Genuine Black Gold
Bakken oil play sizzles despite oil price chill
Like a great date, the Bakken Formation in southeast Saskatchewan is hot, rich and much more than meets the eye. There is a promising outlook for the bad times as well as the good.
Billed by promoters as the hottest oil drilling play in North America, the Bakken in the Williston Basin is one of the largest remaining conventional pools on the continent. The total resource endowment in the fields, spread over an area of 520,000 square kilometers, is estimated at 100 billion to 400 billion barrels. About a quarter of the basin – and 25 billion to 100 billion barrels – is in Saskatchewan. If just five per cent of the minimum resource estimate proves to be recoverable, it will about double the province’s conventional oil reserves.

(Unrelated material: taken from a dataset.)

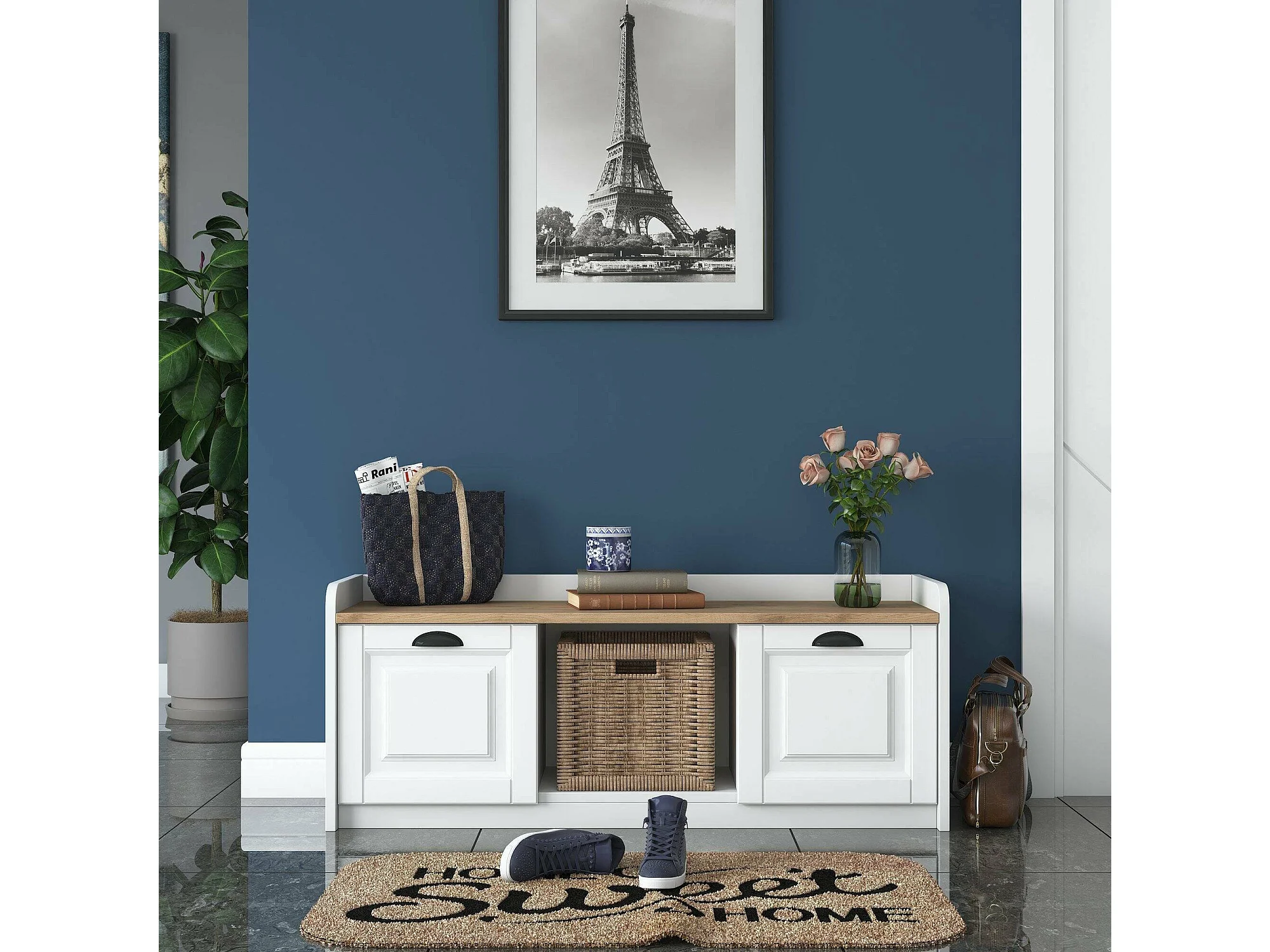 Meuble à chaussures Egay, 2 étagères, 40x120x45h cm Blanc, Rangement à chaussures

“To us it is an untapped gold mine for opportunity for conventional heavy oil where we can apply our technology,” says John Wright, president of Petrobank Energy and Resources Ltd., the top Bakken producer in Saskatchewan.
The Bakken fields are not new. Their discovery dates back to the 1950s. But inadequate technology and low oil prices held back production. Saskatchewan’s portion of the Bakken only produced 950 barrels per day in 2004, when the limitations began to come off. Horizontal drilling and improved “fraccing” or rock fracturing technology made a much larger proportion of the deposit recoverable at the same time as improved oil prices covered costs of introducing new methods.
“Until very recently, we had 10 rigs,” says Wright. “We drilled over 200 horizontal wells and we’re now the biggest producer out of that play.”
Petrobank and others such as Crescent Point Energy Trust increased output to 54,000 barrels per day. Bakken producers are far better able to withstand fallen energy prices than Alberta oil sands developers, Wright says.
“We will be the last man standing,” the Petrobank president predicts. “Our process has the least capital intensity and the lowest capital cost of any producers out there.”
It helps that Saskatchewan did not become “overheated” like the Alberta economy. “There is no exaggerated value placed on the person working at Tim Hortons,” says Wright.
Since the oil reserves are in farm areas, infrastructure does not have to be built from scratch. There is a road every 1.6 kilometers. A power line runs down every road. Saskatchewan has more favorable regulatory and royalty regimes than Alberta, Wright adds.
“Overall costs are lower. We think we can get more done, more efficiently. That is going to lead to a lot of investment. But it won’t be the investment of this crazy rush to build mines that you saw up in Fort McMurray.”